1 For Cloud Storage, resource names contain an underscore (_) rather than a project ID. You cannot replace the underscore with a project ID, project name, or project number.

2 If a condition evaluates the resource name for a secret version, the secret version in the request must exactly match the secret version in the condition for the condition to be satisfied. For example, if the version in the condition is latest, only a request with the version latest satisfies the condition; a request with the version 3 does not satisfy the condition, even if 3 is the latest version.

Resource tags

You can attach tags to organizations, projects, and folders. Any Google Cloud resource can inherit tags from these higher-level resources.
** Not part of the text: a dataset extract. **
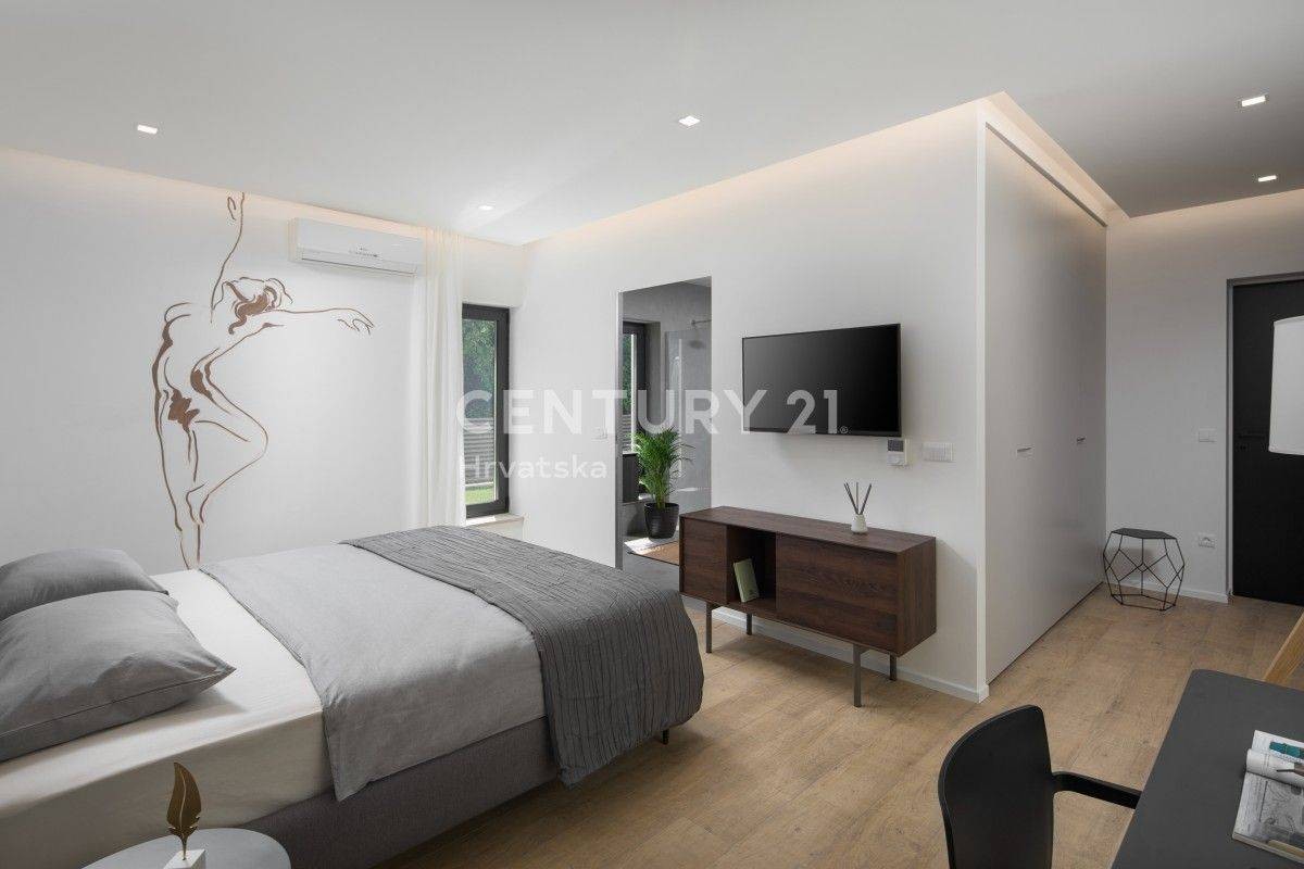 Ova predivna, superluksuzna villa modernog dizajna nalazi se u okolici Pule, u mirnom naselju a predstavlja creme de la creme ponude luksuznih nekretnina na jugu Istre.

You can use a few different types of identifiers to refer to tag keys and values:

  • A permanent ID, which is globally unique and can never be reused. For example, a tag key could have the permanent ID tagKeys/123456789012, and a tag value could have the permanent ID tagValues/567890123456.
  • A short name. The short name for each key must be unique within your organization, and the short name for each value must be unique for its associated key. For example, a tag key could have the short name env, and a tag value could have the short name prod.
  • A namespaced name, which adds your organization's numeric ID to the short name of a tag key. For example, a tag key could have the namespaced name 123456789012/env. Learn how to get your organization ID.

The specific identifiers depend on the tag keys and values that you have created for your organization. To learn how to list the tag keys and values that are available to you, see Listing TagKeys and TagValues.